*** Material to process ***
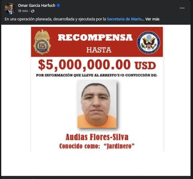 A través de sus redes sociales, detalló que en una operación planeada y ejecutada por la Secretaría de Marina, mediante sus Fuerzas Especiales, fue capturado Audias Flores Silva, alias “El Jardinero”.
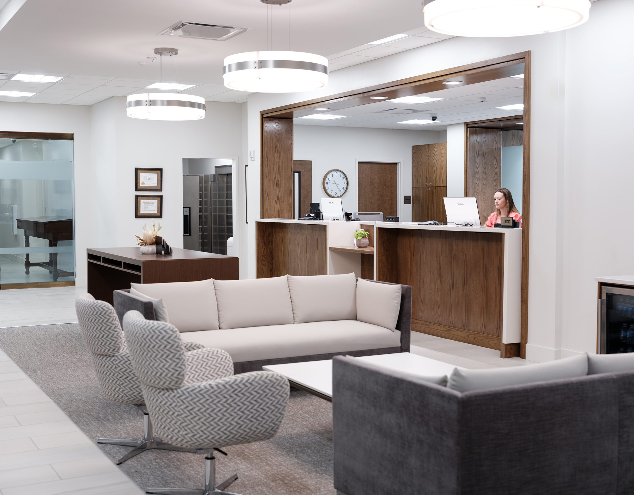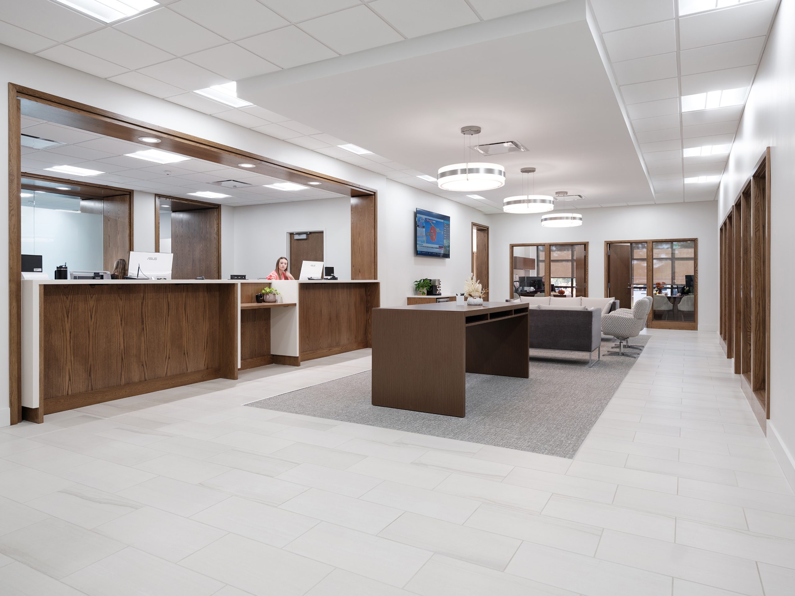 The centerpiece of the project is the redesigned branch lobby that functions like a modern bank: approachable teller stations, comfortable seating areas, and refined branch offices. Another highlight is the large break and gathering spaces on the second floor that comfortably serve the bank staff but can easily pivot into a setting for entertaining customers and hosting board meetings.  The renovation was constructed through three phases that allowed the bank to operate normally throughout construction.
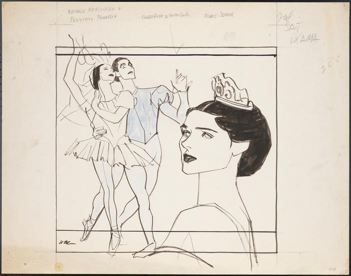 [Roland Petit as The Sailor and Jeanmaire as The Waitress in "La Rose Des Vents" for "Les Ballets de Paris".]
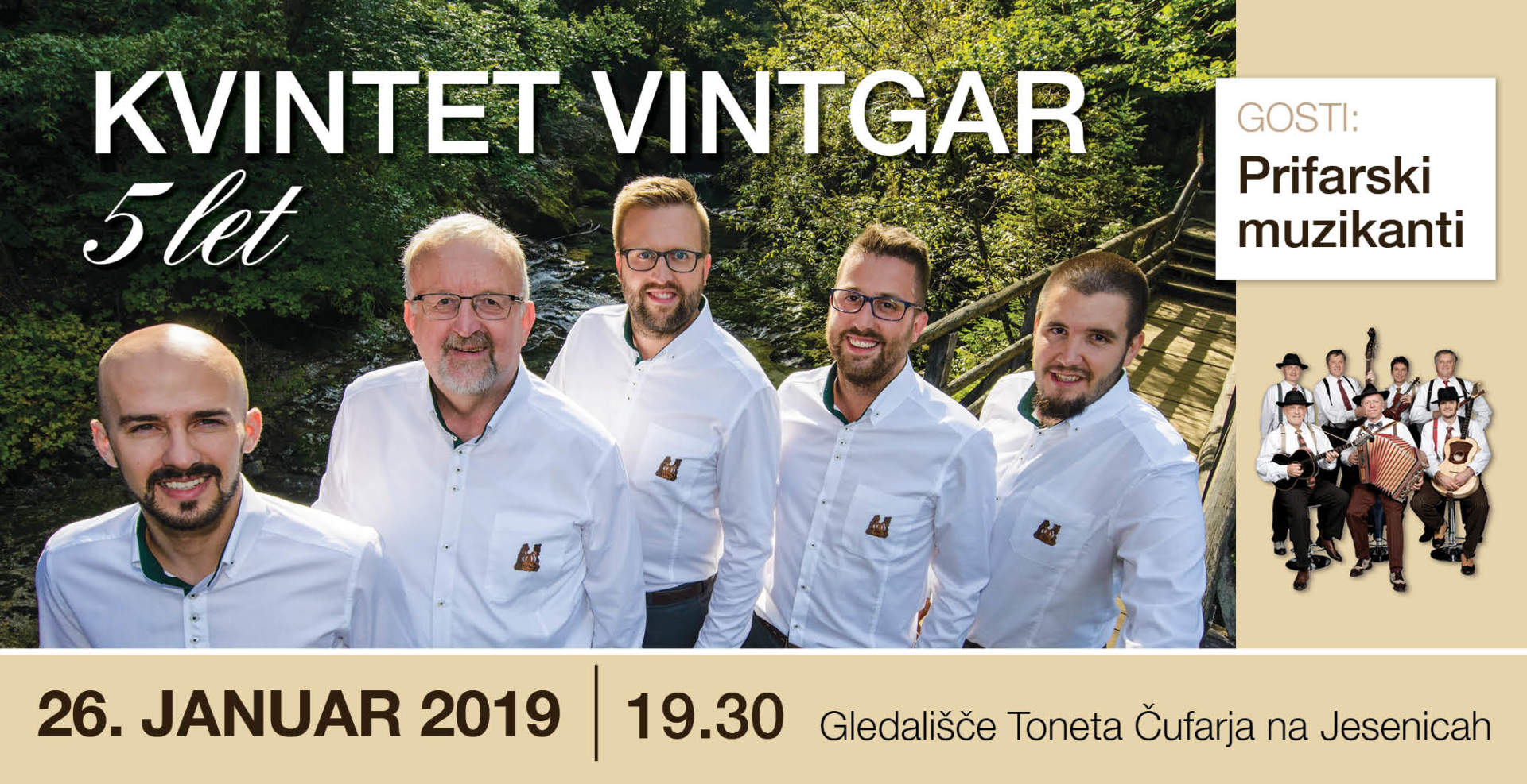 Kinodvorana Gledališča Toneta Čufarja Trg Toneta Čufarja 4,Jesenice,Gorenjska,SloveniaPrvo petletje člani Kvinteta Vintgar obeležujemo s slavnostnim koncertom, ki bo 26. januarja 2019…
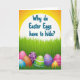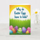 This design shows a bright yellow-to-orange arc near the top, like a rising sun warming the scene, and inside its soft white curve the question “Why do Easter Eggs have to hide?” appears in rounded blue lettering. The text sits centered within the arc, giving it a friendly, inviting look that feels like a gentle nudge from a close friend. Below, a wide field of rich green grass fills the lower half, with blades overlapping and curling as if they’re leaning in together. Tucked among the grass are several decorated eggs, half-hidden in a way that suggests a sweet little secret being shared 🐰. One egg is deep purple with light polka dots, another is green with stripe patterns, and a brown one has a textured look that adds cozy contrast. Small touches of pink, blue, and orange appear across the eggs, tying them back to the warm arc above and adding a soft, affectionate energy 🌷. The grass is layered thickly around the eggs, with the brightest highlights catching along the tips of the blades.
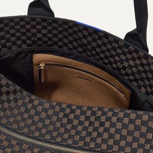 Structured design in a black and camel basketweave pattern, with a double-zipper top closure and durable bag feet.
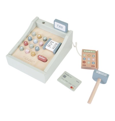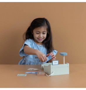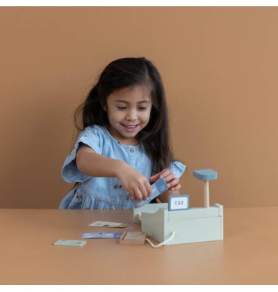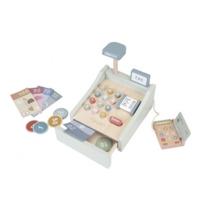 Drewniana kasa to nowa odsłona naszego bestsellera uwielbianego przez dzieci i dorosłych, wykonana z drewna z certyfikatem FSC. Idealnie sprawdzi się podczas zabawy w sklep, wyposażona jest zarówno w terminal, jak i monety i banknoty, które można przechowywać w szufladzie kasowej. Zestaw zwiera wszystko, czego potrzebuje maluch, by bawić się w zakupy z mamą i tatą, przyjaciółmi lub ulubioną lalką.
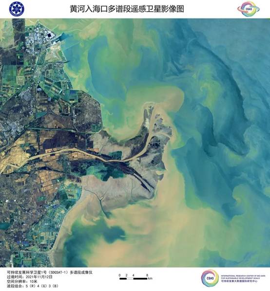 SDGSAT-1多谱段成像仪设计有7个波段,空间分辨率为10米。多谱段数据具有大幅宽、高信噪比等特点,其波段设置适用于各种浑浊水体的水色指数、透明度和悬浮物等的监测,可服务SDG 6(清洁饮水和卫生设施)和SDG 14(水下生物)中的水质监测、近海生态环境、滨海养殖和水生植物分布等相关指标的监测和评估。另外,多谱段数据还可用于开展冰川面积与变化、积雪消融状态、植被覆盖等信息提取及变化分析,可为SDG 13(气候行动)和SDG 15(陆地生物)等相关指标监测和评估提供服务。
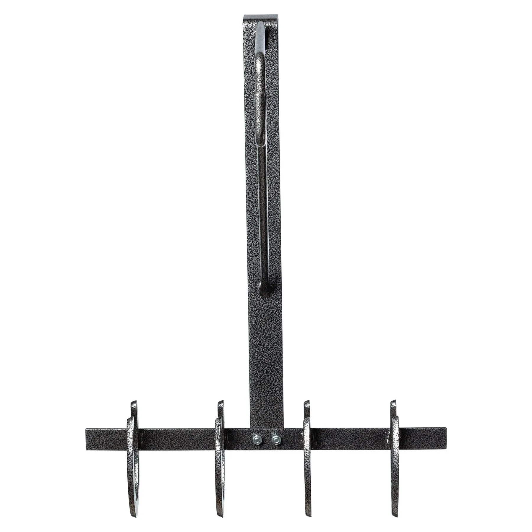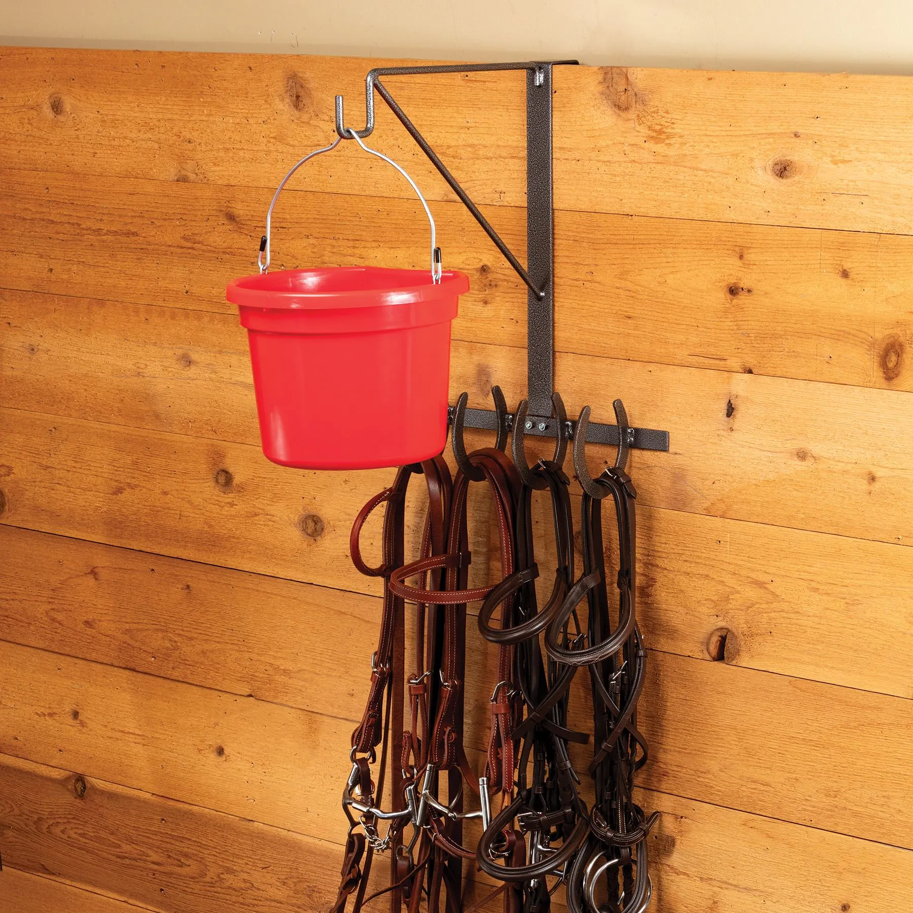 Heavy duty large utility hanger fits over stall walls up to 2 1/4″ thick. The additional length on this utility hanger makes items easier to access over tall stalls, and it fits perfectly on pipe rail fencing or gates.
*** End of Material to process ***
- To do
Nothing but the lines from the line containing "Structured design in" through the last line of the records above should be written out, exactly and without the pictures.

- Result of this task
 Structured design in a black and camel basketweave pattern, with a double-zipper top closure and durable bag feet.
 Drewniana kasa to nowa odsłona naszego bestsellera uwielbianego przez dzieci i dorosłych, wykonana z drewna z certyfikatem FSC. Idealnie sprawdzi się podczas zabawy w sklep, wyposażona jest zarówno w terminal, jak i monety i banknoty, które można przechowywać w szufladzie kasowej. Zestaw zwiera wszystko, czego potrzebuje maluch, by bawić się w zakupy z mamą i tatą, przyjaciółmi lub ulubioną lalką.
 SDGSAT-1多谱段成像仪设计有7个波段,空间分辨率为10米。多谱段数据具有大幅宽、高信噪比等特点,其波段设置适用于各种浑浊水体的水色指数、透明度和悬浮物等的监测,可服务SDG 6(清洁饮水和卫生设施)和SDG 14(水下生物)中的水质监测、近海生态环境、滨海养殖和水生植物分布等相关指标的监测和评估。另外,多谱段数据还可用于开展冰川面积与变化、积雪消融状态、植被覆盖等信息提取及变化分析,可为SDG 13(气候行动)和SDG 15(陆地生物)等相关指标监测和评估提供服务。
 Heavy duty large utility hanger fits over stall walls up to 2 1/4″ thick. The additional length on this utility hanger makes items easier to access over tall stalls, and it fits perfectly on pipe rail fencing or gates.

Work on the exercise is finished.